* _About this exercise_
Could you restate word for word every line of the records below, from the first one to the one holding "CAPUCHÓN DE SEGURIDAD"?

* _Material supplied_
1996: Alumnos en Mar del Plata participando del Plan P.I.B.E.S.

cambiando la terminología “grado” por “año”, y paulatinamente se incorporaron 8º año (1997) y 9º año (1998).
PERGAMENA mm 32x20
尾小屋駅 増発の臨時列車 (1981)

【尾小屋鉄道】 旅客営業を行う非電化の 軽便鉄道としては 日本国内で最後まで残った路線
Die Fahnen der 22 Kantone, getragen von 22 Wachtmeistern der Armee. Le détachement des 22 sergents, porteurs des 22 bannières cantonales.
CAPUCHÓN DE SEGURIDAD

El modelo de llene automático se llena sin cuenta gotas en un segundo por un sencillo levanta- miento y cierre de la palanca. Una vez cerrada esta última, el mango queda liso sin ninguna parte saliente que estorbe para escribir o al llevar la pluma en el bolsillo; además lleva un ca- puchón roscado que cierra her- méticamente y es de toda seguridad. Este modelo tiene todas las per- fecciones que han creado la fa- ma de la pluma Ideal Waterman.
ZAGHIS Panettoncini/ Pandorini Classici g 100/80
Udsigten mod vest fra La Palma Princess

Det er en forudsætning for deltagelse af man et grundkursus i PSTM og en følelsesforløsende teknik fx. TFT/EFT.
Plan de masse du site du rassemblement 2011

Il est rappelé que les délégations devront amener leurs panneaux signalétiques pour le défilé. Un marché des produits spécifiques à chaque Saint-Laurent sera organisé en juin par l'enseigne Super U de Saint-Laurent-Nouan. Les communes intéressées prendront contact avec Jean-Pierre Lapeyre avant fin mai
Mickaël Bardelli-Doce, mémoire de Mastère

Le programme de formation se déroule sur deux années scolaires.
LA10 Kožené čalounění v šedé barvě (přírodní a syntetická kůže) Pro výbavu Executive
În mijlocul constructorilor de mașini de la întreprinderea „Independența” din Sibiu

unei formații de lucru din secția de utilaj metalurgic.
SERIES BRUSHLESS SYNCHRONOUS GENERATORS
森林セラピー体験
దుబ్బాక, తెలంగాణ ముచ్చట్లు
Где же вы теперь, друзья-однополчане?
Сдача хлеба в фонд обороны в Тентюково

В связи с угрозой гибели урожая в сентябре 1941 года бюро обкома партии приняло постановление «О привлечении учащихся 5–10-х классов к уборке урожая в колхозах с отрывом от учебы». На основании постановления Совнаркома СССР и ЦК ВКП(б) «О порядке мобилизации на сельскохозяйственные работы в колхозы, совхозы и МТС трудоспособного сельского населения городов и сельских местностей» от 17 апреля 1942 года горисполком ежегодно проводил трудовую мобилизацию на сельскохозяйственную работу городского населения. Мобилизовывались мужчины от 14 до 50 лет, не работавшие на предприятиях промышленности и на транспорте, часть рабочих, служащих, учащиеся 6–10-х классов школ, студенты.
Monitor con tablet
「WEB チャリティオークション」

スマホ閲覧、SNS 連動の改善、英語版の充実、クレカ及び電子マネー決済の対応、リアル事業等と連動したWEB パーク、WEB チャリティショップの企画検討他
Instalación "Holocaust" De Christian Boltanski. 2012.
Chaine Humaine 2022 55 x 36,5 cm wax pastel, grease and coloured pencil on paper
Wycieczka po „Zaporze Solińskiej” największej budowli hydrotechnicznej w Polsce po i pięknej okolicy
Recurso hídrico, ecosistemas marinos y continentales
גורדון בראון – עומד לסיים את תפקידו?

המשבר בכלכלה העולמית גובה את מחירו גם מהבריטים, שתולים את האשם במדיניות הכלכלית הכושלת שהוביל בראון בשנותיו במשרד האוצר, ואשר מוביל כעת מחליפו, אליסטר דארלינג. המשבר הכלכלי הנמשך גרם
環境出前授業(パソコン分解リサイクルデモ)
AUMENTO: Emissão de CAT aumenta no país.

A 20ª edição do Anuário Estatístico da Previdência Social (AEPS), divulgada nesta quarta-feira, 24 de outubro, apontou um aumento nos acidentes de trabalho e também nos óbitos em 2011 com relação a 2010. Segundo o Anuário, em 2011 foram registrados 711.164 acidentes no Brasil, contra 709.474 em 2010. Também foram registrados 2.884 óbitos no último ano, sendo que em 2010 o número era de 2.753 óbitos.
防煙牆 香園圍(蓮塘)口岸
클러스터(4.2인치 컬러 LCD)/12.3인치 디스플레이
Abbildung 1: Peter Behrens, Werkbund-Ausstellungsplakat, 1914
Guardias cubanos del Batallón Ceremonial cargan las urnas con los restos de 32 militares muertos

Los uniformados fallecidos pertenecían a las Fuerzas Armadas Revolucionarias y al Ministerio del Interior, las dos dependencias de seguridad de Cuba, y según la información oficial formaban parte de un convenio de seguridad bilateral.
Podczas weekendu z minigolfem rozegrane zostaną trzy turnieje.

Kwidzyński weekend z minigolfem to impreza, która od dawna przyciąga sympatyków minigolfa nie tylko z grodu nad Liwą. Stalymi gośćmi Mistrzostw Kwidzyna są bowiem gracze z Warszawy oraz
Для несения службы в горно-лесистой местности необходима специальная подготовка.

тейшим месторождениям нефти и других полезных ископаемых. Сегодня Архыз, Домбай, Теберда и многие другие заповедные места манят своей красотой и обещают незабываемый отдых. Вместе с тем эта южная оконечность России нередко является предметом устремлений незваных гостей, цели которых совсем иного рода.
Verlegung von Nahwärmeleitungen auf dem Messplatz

* _Result_
1996: Alumnos en Mar del Plata participando del Plan P.I.B.E.S.

cambiando la terminología “grado” por “año”, y paulatinamente se incorporaron 8º año (1997) y 9º año (1998).
PERGAMENA mm 32x20
尾小屋駅 増発の臨時列車 (1981)

【尾小屋鉄道】 旅客営業を行う非電化の 軽便鉄道としては 日本国内で最後まで残った路線
Die Fahnen der 22 Kantone, getragen von 22 Wachtmeistern der Armee. Le détachement des 22 sergents, porteurs des 22 bannières cantonales.
CAPUCHÓN DE SEGURIDAD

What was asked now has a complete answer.